Tell us about your background
I had been working as a craft brewer for almost five years. When the pandemic began and breweries were shut down, I started learning python to pass the time and learn something potentially useful, with no specific outcome in mind.
When the brewery shutdown became indefinite, I started to take coding more seriously. I started applying for jobs while trying to learn other requirements on my own, but my learning lacked structure and direction. That’s when I started looking into bootcamps.
Why did you decide to learn web development?
Web development opens up a lot of possibilities, and I enjoy the creativity that can go into solving problems.
Also, if I was going to change careers, I wanted it to be in a profession where it wasn’t only one segment of companies that could benefit from my skills. I wanted to do something that gave me some flexibility and a variety of potential employers.
Why did you choose Le Wagon?
It was tough to choose between all the bootcamps, but I went with Le Wagon for a few reasons.
The price was very competitive compared to others.
The hours were intense but didn’t seem to the point of causing a burnout like I thought could happen elsewhere.
I had only read positive reviews. I spoke with a colleague of a friend who had done it a year or so prior and who had a great experience. Whereas I had read and heard mixed experiences about other bootcamps.
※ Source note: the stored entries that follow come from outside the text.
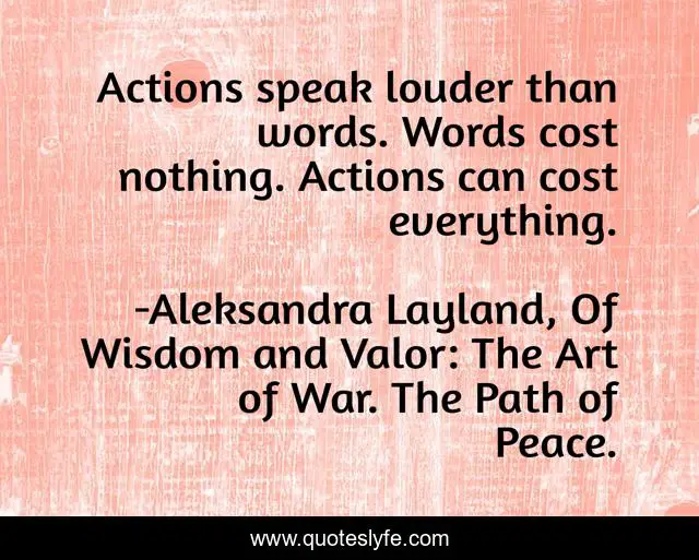 "Aleksandra Layland, Of Wisdom and Valor: The Art of War. The Path of Peace. Quotes." Quoteslyfe.com, 2025. Sun. 07 Dec. 2025. <https://www.quoteslyfe.com/quote/Actions-speak-louder-than-words-Words-cost-222173>.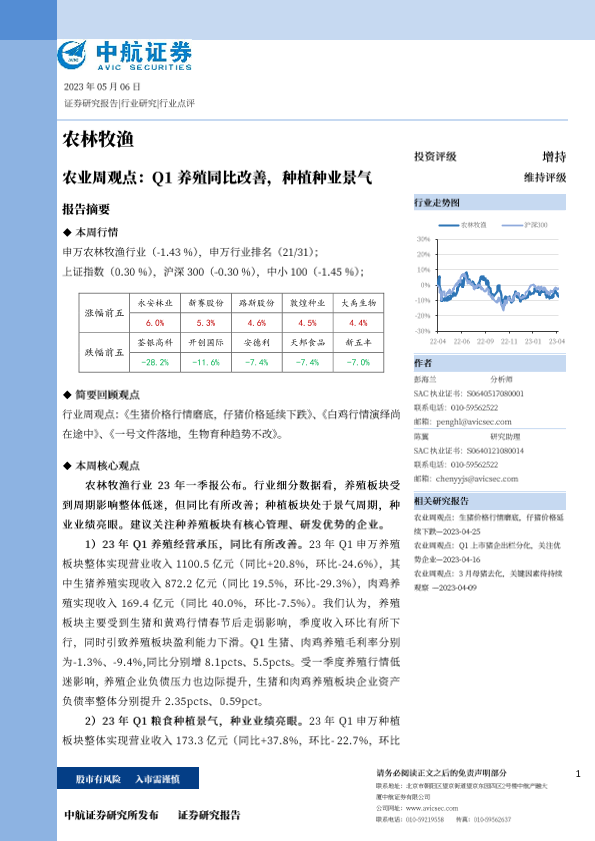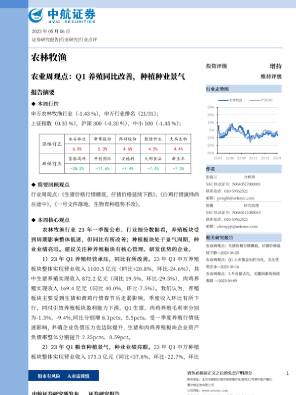 【中航证券】【20230506】农业周观点:Q1养殖同比改善,种植种业景气-15页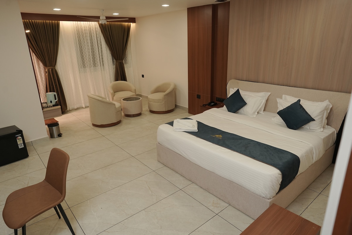 Our luxury rooms offer a sophisticated and indulgent experience. We offer spacious rooms featuring exquisite furnishing, premium bedding, quality amenities where you can rest or can work easily from the room. Don't forget that we are pet friendly. Every pet at our property is our valuable customer. (Complimentary buffet breakfast is included).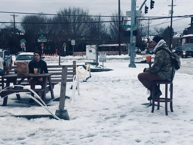 Beermongers devotees enjoying distanced beers in a snow covered parking lot during the pandemic in October 2021. Photo courtesy of John Foyston.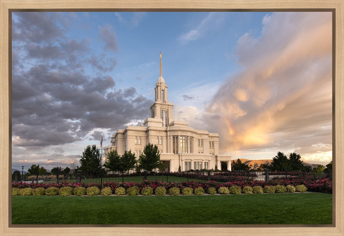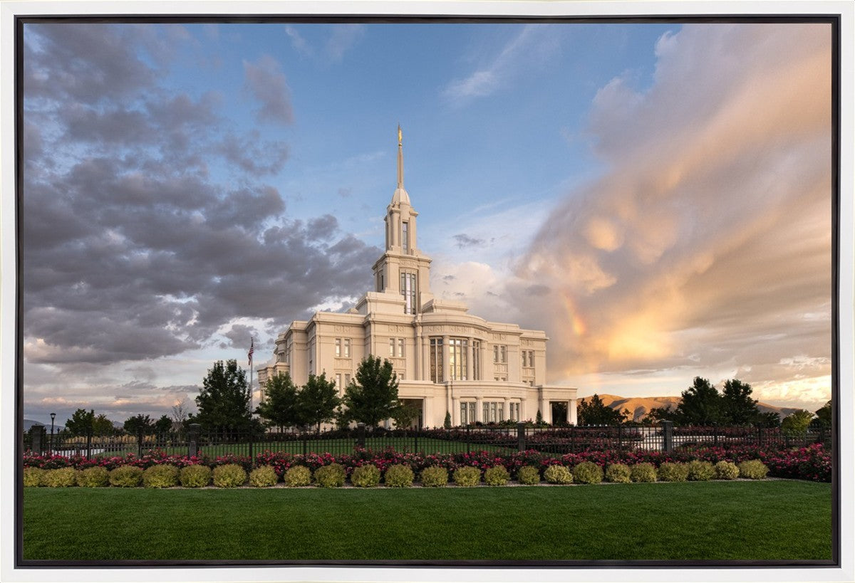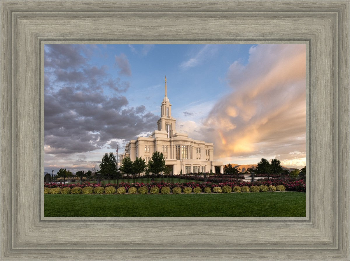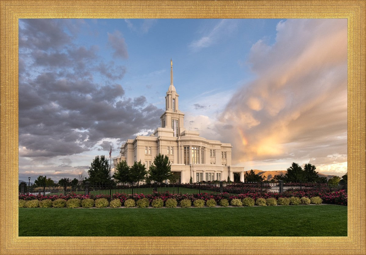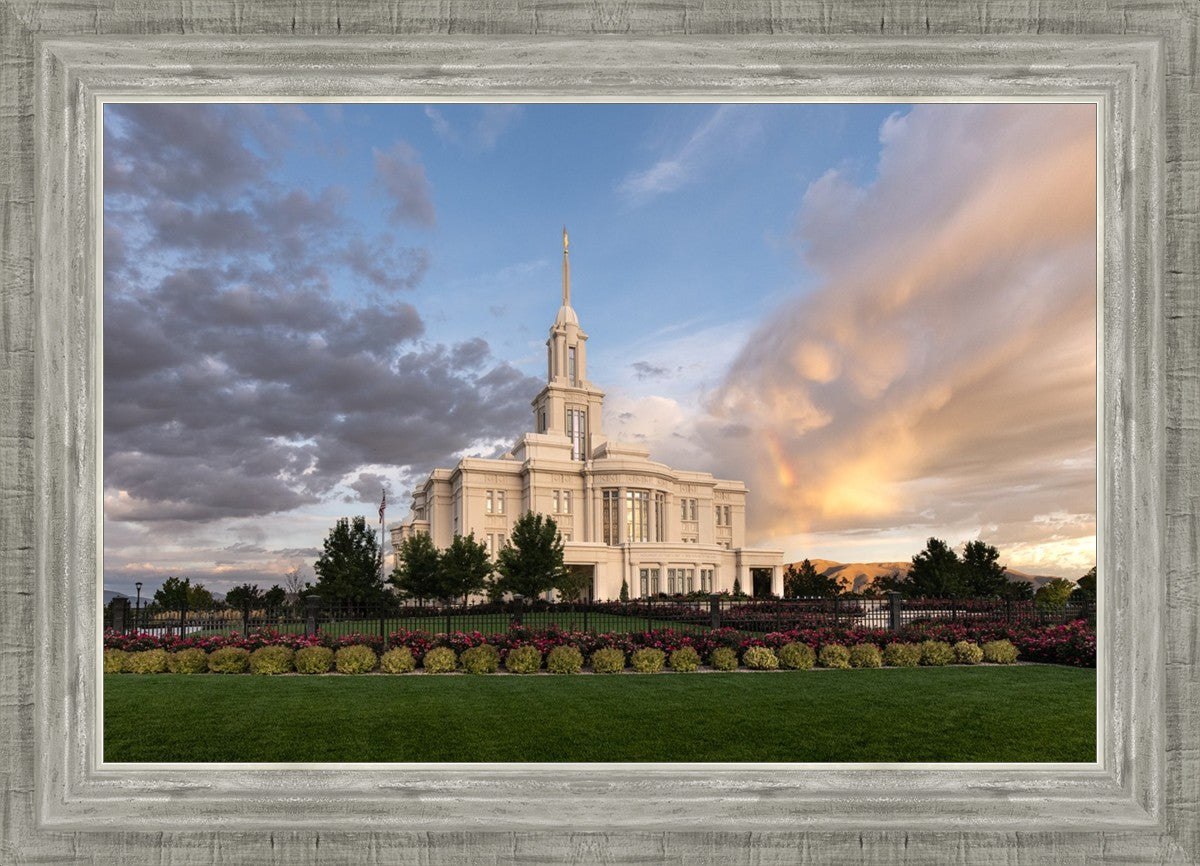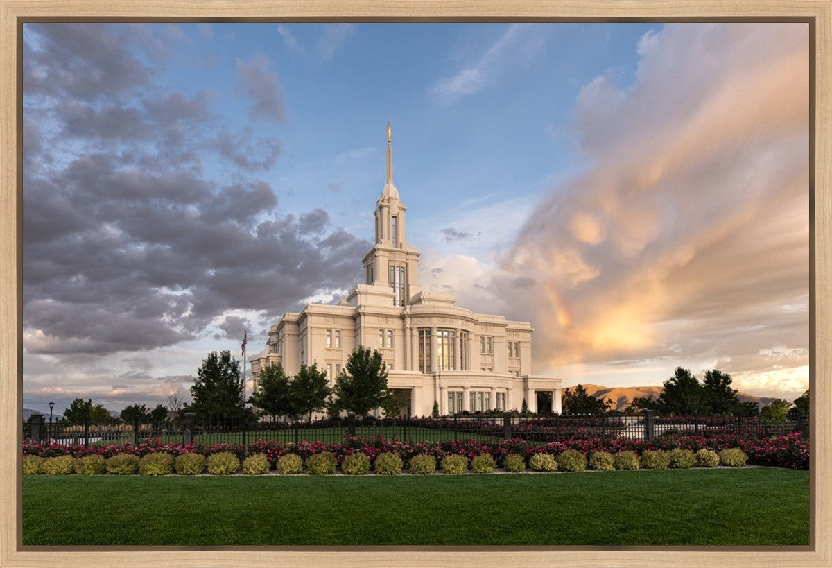 Because of the shadow from the mountains, I was able to capture this unique sunrise picture of the Payson Utah Temple with a hint of a rainbow.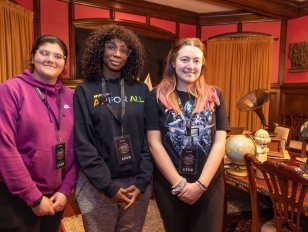 Three female students on film set of The Wrong Road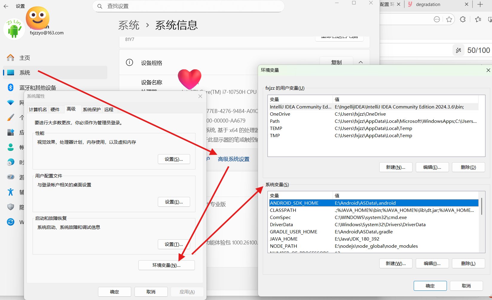 打开环境变量配置面板,步骤是:电脑设置--系统--高级系统设置--环境变量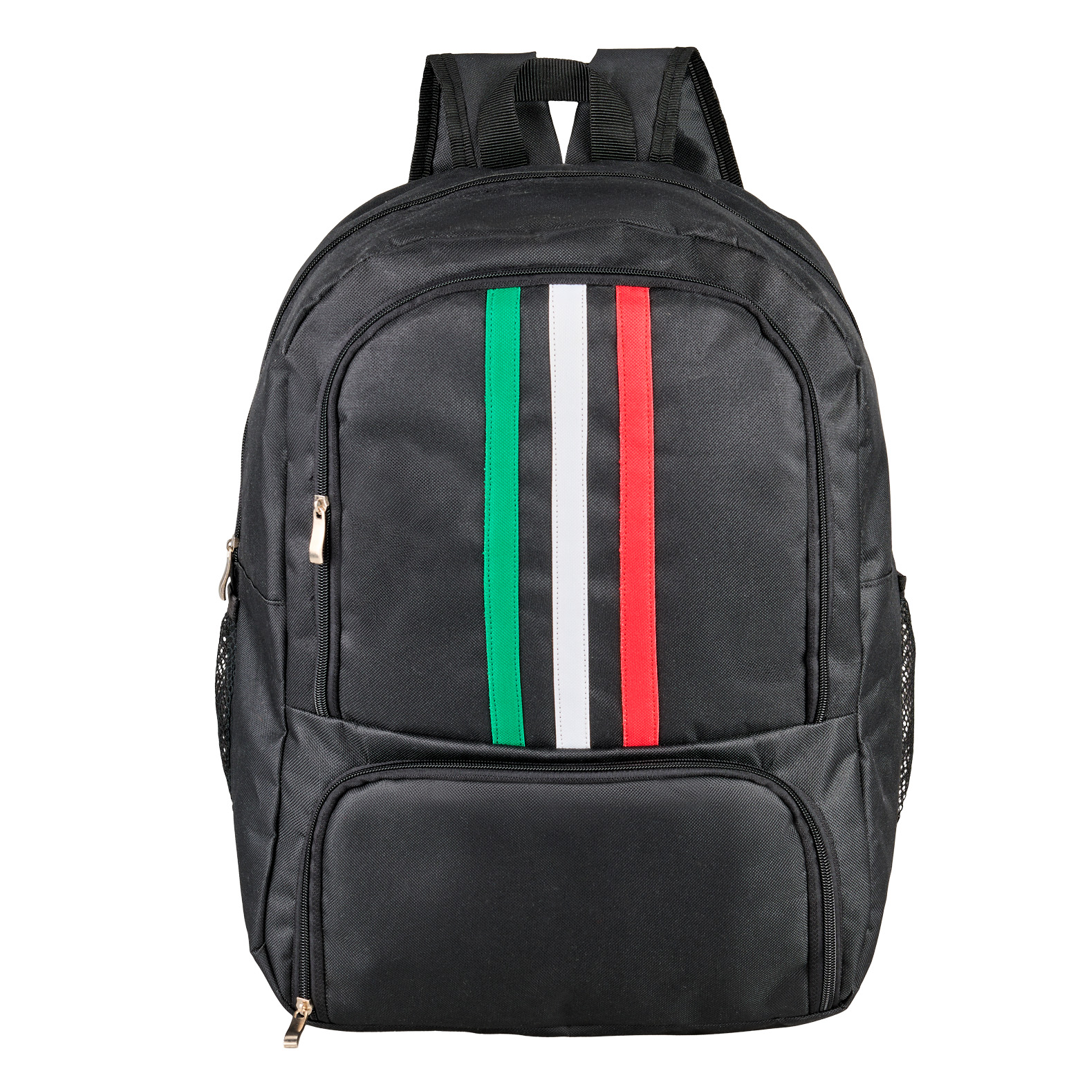 Mochila de poliéster con compartimento principal forrado, acceso rápido frontal, compartimento secundario en la parte baja, respaldo acolchado, tirantes ajustables, mallas laterales y asa superior.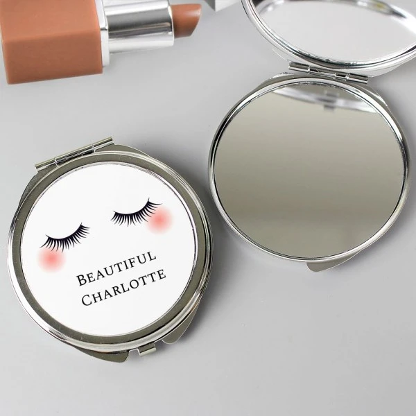 The cute Personalised Eyelashes Compact Mirror is perfect for putting in your hand bag to make sure you look fabulous all day!

I also thought the curriculum was unique with Ruby and thought it could be a differentiator in a job hunt.
What did you like the most about your experience at Le Wagon?
I enjoyed the learning-by-doing methodology. You learn some theory in the morning and spend the rest of the day going through problems that solidify what you just learned.
Each challenge gets more and more complex, so if you understand it well and go through the problems quickly, the next one will force you to be even more in-depth.
Now you’re working as a Full-Stack Developer at Life House. What’s your day-to-day like?
My responsibilities are to meet the acceptance criteria of the feature I’m working on, write tests to prove it, and review the code of my teammates.
We work in two-week sprints with defined goals. We work closely with the product team to define what is needed from a feature and what behavior they expect. We break up those behaviors into front-end and back-end tickets. Then team members choose tickets and get to work, collaborating and meeting when necessary.
How do you use the skills you learned at Le Wagon in your job?
While I’m not using the exact stack taught at Le Wagon in my current job, the programming foundations, work ethic, problem-solving, and team collaboration are all skills I transferred to Life House.
The project weeks we went through at the end of the bootcamp are very similar to the development cycle we use at work.
Do you have any advice for someone who’s looking for a tech job?
Choose something widely used and not taught in-depth at the bootcamp, learn it, and build something with it.
Show that you are motivated to learn and can do so on your own.
Follow up with any connection you have in an even vaguely tech-related field and see if they are looking for people.
When you get an interview, figure out what in their requirements you’ve never used before (there will be a lot) and start reading documentation and following tutorials so when the interview comes, you can at least know a little and show initiative.